> _Exercise data_

- - - - -

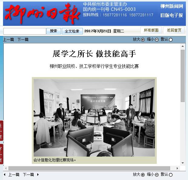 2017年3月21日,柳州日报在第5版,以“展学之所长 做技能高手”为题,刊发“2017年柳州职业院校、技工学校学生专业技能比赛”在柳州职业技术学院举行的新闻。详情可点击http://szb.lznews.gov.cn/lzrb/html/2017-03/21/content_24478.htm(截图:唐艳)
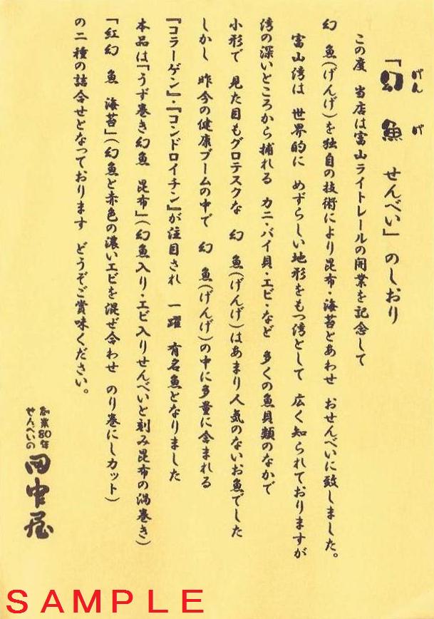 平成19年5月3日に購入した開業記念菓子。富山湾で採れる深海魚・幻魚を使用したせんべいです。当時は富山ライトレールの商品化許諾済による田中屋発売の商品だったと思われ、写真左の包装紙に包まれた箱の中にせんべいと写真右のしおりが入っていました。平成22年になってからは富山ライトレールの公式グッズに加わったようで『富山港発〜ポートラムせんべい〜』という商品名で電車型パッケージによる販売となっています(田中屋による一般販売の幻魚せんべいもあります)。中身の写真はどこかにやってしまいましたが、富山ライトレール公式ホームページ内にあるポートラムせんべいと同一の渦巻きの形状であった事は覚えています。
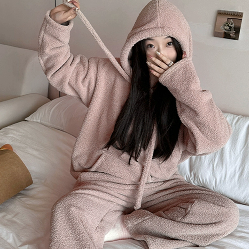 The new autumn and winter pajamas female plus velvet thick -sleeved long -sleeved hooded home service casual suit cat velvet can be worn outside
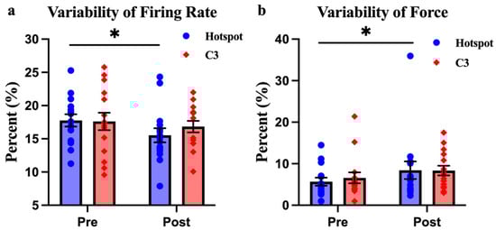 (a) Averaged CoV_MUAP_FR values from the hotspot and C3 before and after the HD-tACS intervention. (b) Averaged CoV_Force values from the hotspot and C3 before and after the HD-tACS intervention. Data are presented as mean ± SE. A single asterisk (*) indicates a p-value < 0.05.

- - - - -

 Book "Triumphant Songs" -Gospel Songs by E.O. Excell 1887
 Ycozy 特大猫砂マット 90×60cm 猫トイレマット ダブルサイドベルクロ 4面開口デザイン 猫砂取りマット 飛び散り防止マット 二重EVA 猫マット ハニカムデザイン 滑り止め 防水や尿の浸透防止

- - - - -

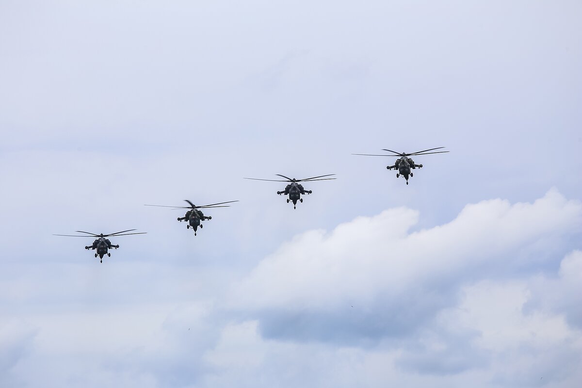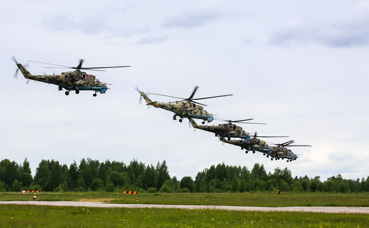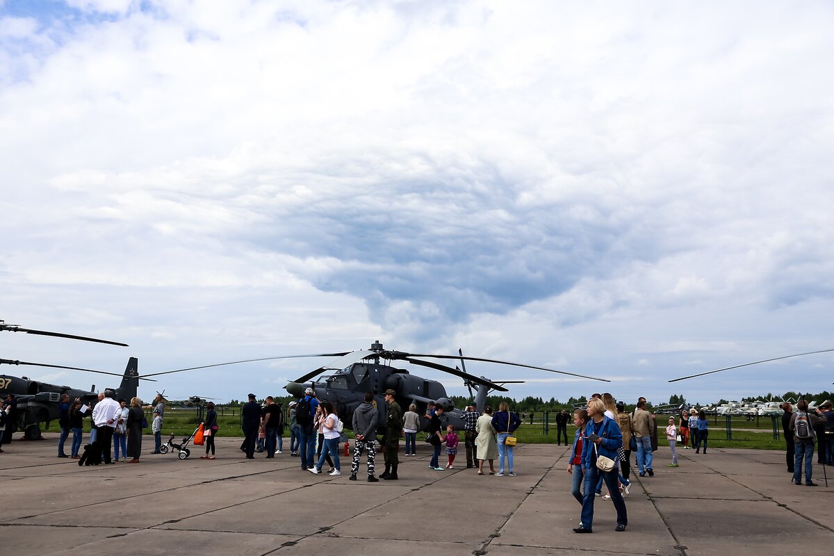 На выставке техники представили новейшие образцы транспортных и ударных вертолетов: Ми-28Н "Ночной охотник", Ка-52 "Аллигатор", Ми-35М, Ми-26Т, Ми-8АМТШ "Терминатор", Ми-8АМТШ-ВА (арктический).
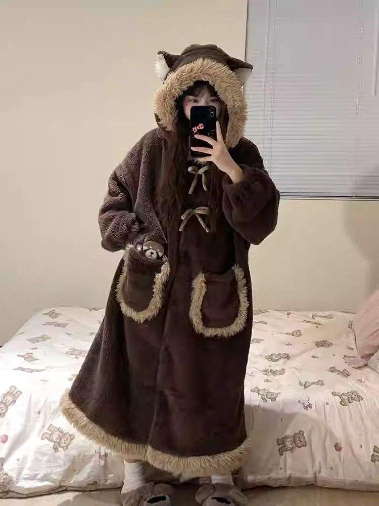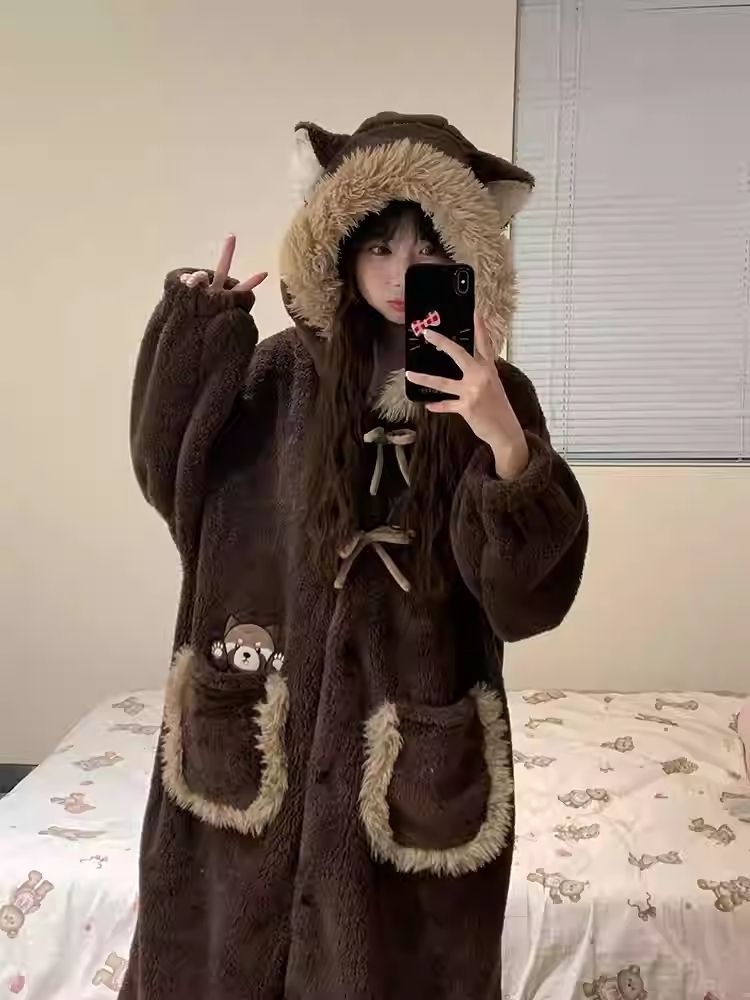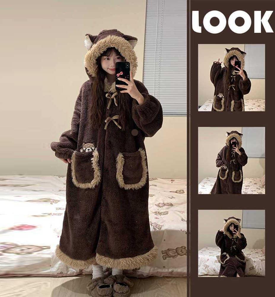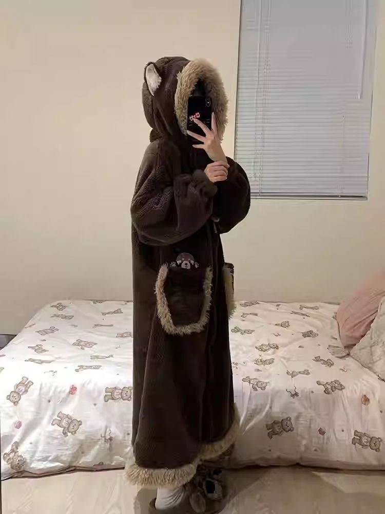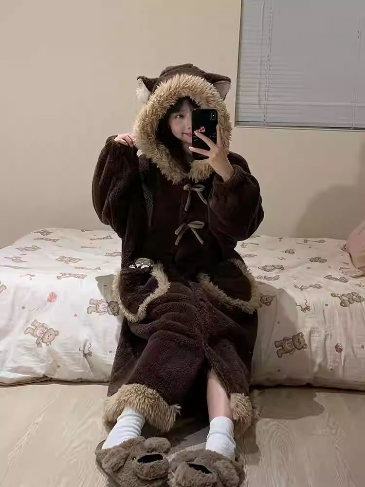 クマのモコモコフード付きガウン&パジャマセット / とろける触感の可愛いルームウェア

- - - - -

> _What to do_
Reproduce the data above exactly, but only from the line containing "На выставке техники" through the line containing "クマのモコモコフード付きガウン&パジャマセット / とろける触感の可愛いルームウェア"; skip the pictures.

> _Finished exercise_
 На выставке техники представили новейшие образцы транспортных и ударных вертолетов: Ми-28Н "Ночной охотник", Ка-52 "Аллигатор", Ми-35М, Ми-26Т, Ми-8АМТШ "Терминатор", Ми-8АМТШ-ВА (арктический).
 クマのモコモコフード付きガウン&パジャマセット / とろける触感の可愛いルームウェア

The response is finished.